The Predict API lets any HTTP caller hand a trained brain its in-context data and get predictions back. It’s the same endpoint the basic-mode Try-it form calls.

Endpoint

POST /projects/<projectId>/runs/<runIdOrSlug>/predict
  • projectId — the UUID of the project containing the run
  • runIdOrSlug — either the run’s UUID or its slug (e.g. v0_1)

For share-link callers (no auth needed):

POST /shares/<token>/predict

Auth

Authorization: Bearer <PFNSTUDIO_TOKEN>

Get a token from /api-tokens — see API tokens.

Share-link callers omit the Authorization header; the token in the URL is the credential.

Request body

The shape varies by task type.

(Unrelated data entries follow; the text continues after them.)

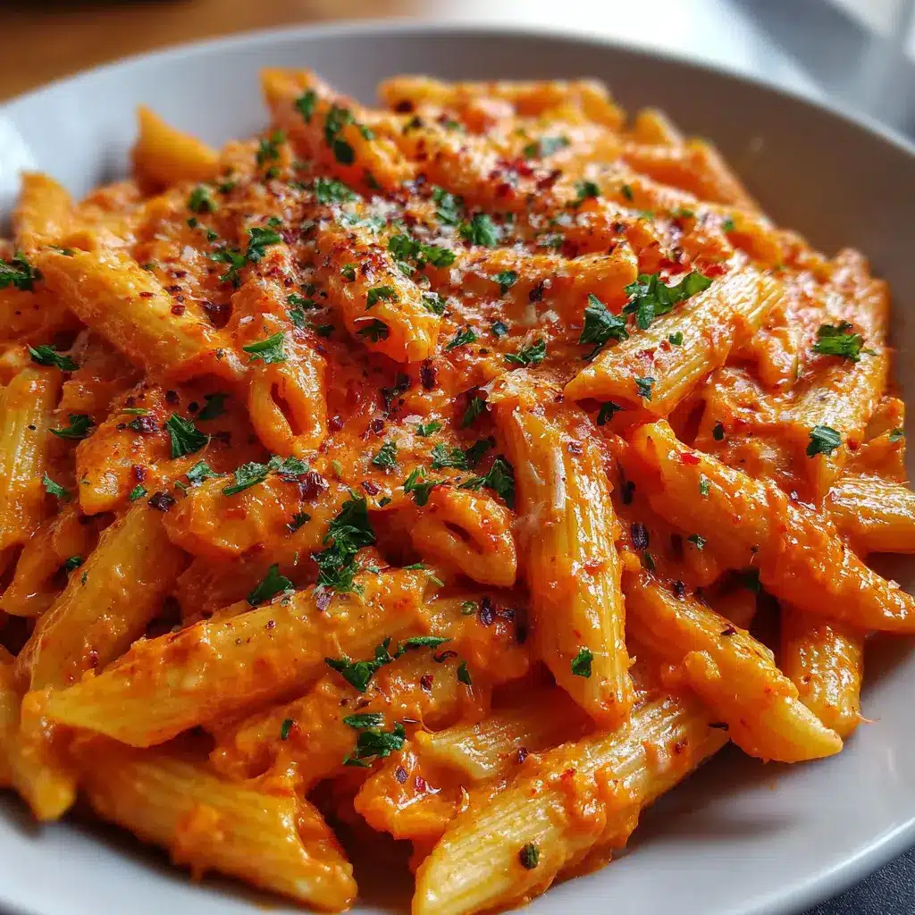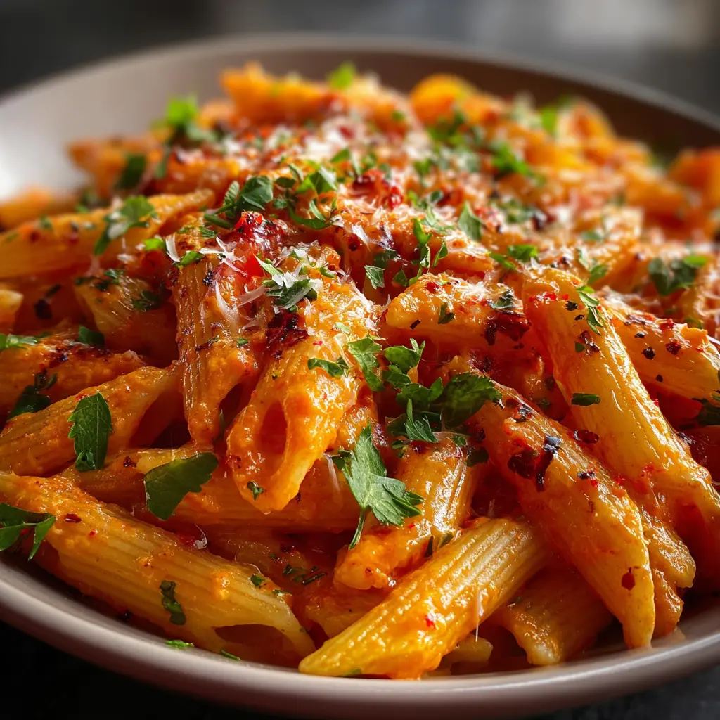 - Agrega los penne rigate y mezcla hasta que estén bien cubiertos con la salsa.
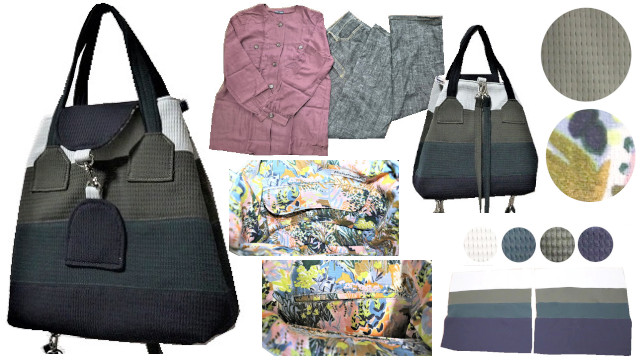 3色以上の多色展開になっている生地は、生地屋様(「大塚屋」様)の展示では横並びで、「まとめて使いたい」と思うマルチカラーの魅力を感じるのです。
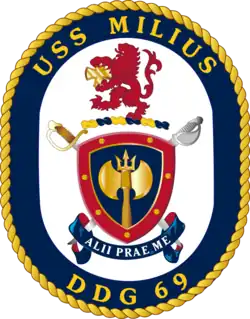 The ship's crest honors Captain Paul Lloyd Milius, commemorating his military service, courage, and selfless heroism.[11]

The Try-it form picks the right shape automatically; HTTP callers must pick.

Regression

{
"context": {
"x": [[1.0, 2.5], [3.0, 1.8], [4.5, 0.9]],
"y": [5.1, 4.3, 2.0]
},
"query": {
"x": [[2.2, 1.4], [3.8, 0.7]]
}
}

context.x is a 2-D array (rows × features). context.y is a 1-D array (one scalar per context row). query.x is rows of the same width as context.x.

Classification

{
"context": {
"x": [[0.1, 0.4, ...], [0.9, 0.2, ...]],
"labels": [0, 1, 1, 0, 1]
},
"query": {
"x": [[0.2, 0.5, ...]]
}
}

labels is a 1-D array of category indices.

Time-series (forecast)

For prior types like AR(2) or TabPFN-TS, the basic-mode form sends a single column of past values; the studio’s predict packer transforms it into the model’s expected feature shape (lags + calendar features for TabPFN-TS style).

If you’re calling the API directly for a time-series brain, send the already-engineered features:

{
"context": {
"x": [[lag_1, lag_2, ..., sin_phase, cos_phase, step_pct]],
"y": [target_value]
},
"query": {
"x": [[...]]
}
}

Inspect the brain’s model spec via GET /projects/<id>/models/<modelId> to see the exact d_in.

Discovery (causal)

Not supported via the Predict API. Use the advanced view at /projects/<id>/runs/<runId> directly.

Response

{
"predictions": [5.1, 4.3, 2.0, ...]
}

predictions is a 1-D array, one entry per query row. Type depends on the task:

  • Regression → number
  • Classification → number (0 or 1, or class index)

Confidence bands — not yet exposed

Brains trained with the Show confidence capability internally produce a full posterior (the defining feature of PFNs), but the predict endpoint currently returns only the point estimate in predictions. Surfacing the posterior bounds (lower / upper fields, or full quantile arrays) is on the roadmap — when it lands, the response shape will extend additively, so callers reading only predictions won’t break.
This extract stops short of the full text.